The weeks between Thanksgiving and New Year’s Day bring with them an overabundance of social gatherings and the giving and receiving of tasty, edible gifts all in the spirit of spreading good cheer. Unfortunately for many, this perpetual party spirit often results in a frantic search through the depths of the closet for their “fat” jeans or fashionable elastic waist pants, as holiday weight gain seems almost inevitable.
Or is it? Could it be that the fear of holiday weight gain been blown out of proportion? According to the National Institutes of Health, most individuals believe they gain up to 10 pounds over the holidays – that’s nearly two pounds per week between Thanksgiving and Christmas.
However, a study released by the New England Journal of Medicine said individuals actually gain only one pound over the holidays. In fact, according to Joseph Allen, MD, a physician with Family Medicine of Vandalia, the holidays may not bring about the weight gain that most individuals believe, but rather, it is a time that often breeds poor habits that, over time, can result in excessive weight gain.
Winter wallowing leads to springtime scramble
“Really, when it comes down to it, people look at the holidays as a time to splurge a little and to not do what they normally do – such as go for that run or take that walk,” Dr. Allen said. “They allow themselves to eat a little more and then a little more and by the end of the holiday season they have developed these habits that are hard to break right away. They can stay that way for the rest of the winter and when spring comes they are really concerned about their weight.”

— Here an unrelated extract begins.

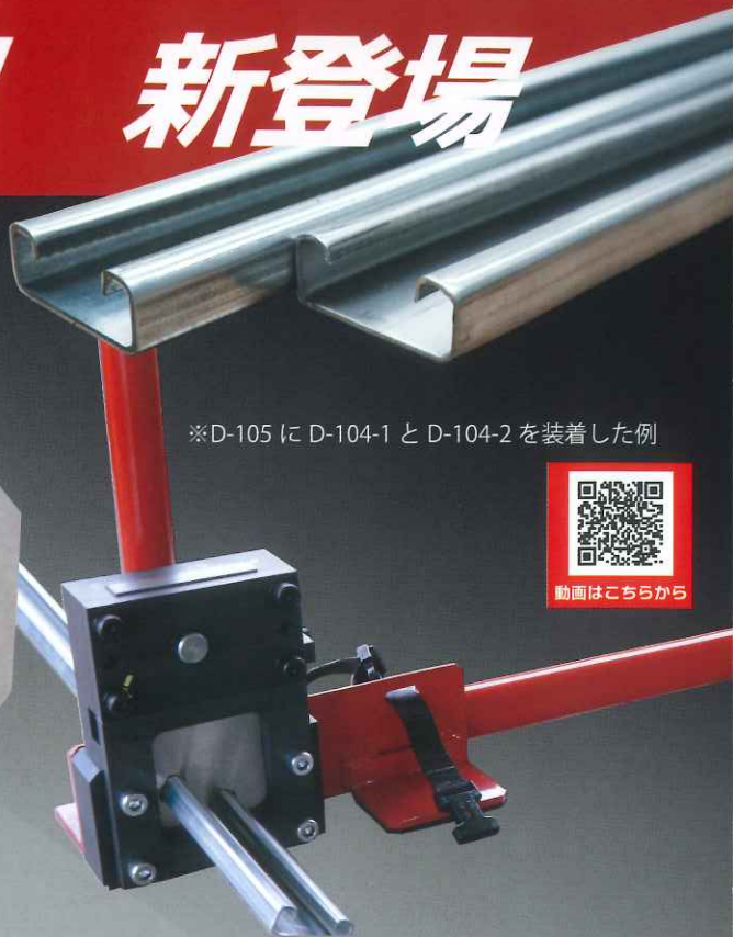
※D-105 に D-104-1 と D-104-2 を装着した例

Dr. Allen sees patients come into his office before and after the holidays concerned about its impact on their weight. The issue affects all individuals – male or female – and makes no difference whether they are already fit or have been struggling with weight for a long time.
“Those who are in pretty good shape are concerned about how the holidays will mess up their schedule and on the flip side you have those who are overweight that may have been struggling with the issue for a long time and feel that the holidays will make it worse,” he said.
The key is maintaining healthy habits during the holidays
Dr. Allen said the answer is not really about weight loss as much as it is about establishing a change in behavior. The holidays can still be a joyous, festive time without throwing healthy habits out the window. He offers the following tips for keeping healthy habits in check during the holidays:
Get moving: Dr. Allen encourages patients to stick to a routine that includes daily exercise. It may be hard, but it is extremely important not to take a break in exercise routines once the holidays have arrived.
Portion size matters: Secondly, individuals should watch their portion sizes when it comes to food. “You can still have the turkey and gravy, but just watch the portion size,” Dr. Allen said. A good way to measure a healthy portion size is to take portions of each food that is no larger than the fist made from your hand. Another idea is to look at a dinner plate as a pie chart. Half of that pie should be fruits and vegetables, a quarter of it should be protein and a quarter should be starch.
Aim for seven-a-day: Try to eat vegetables or fruits seven times throughout the day. The fiber-rich foods help fill up a stomach faster than traditional snacks and fiber-rich foods do not have as many calories.
Limit splurges to one-a-day: If it is difficult to stay away from sweets entirely, then allow yourself one small splurge a day.
Plan ahead: To help cut down on temptation, never go to a holiday party hungry. Eat a healthy snack such as a serving of your favorite fruit, fat-free yogurt or a low-fat, whole-grain granola bar before heading out the door.
It’s about friends, not food: And last, but not least, pour all of your focus on socializing at parties, not eating.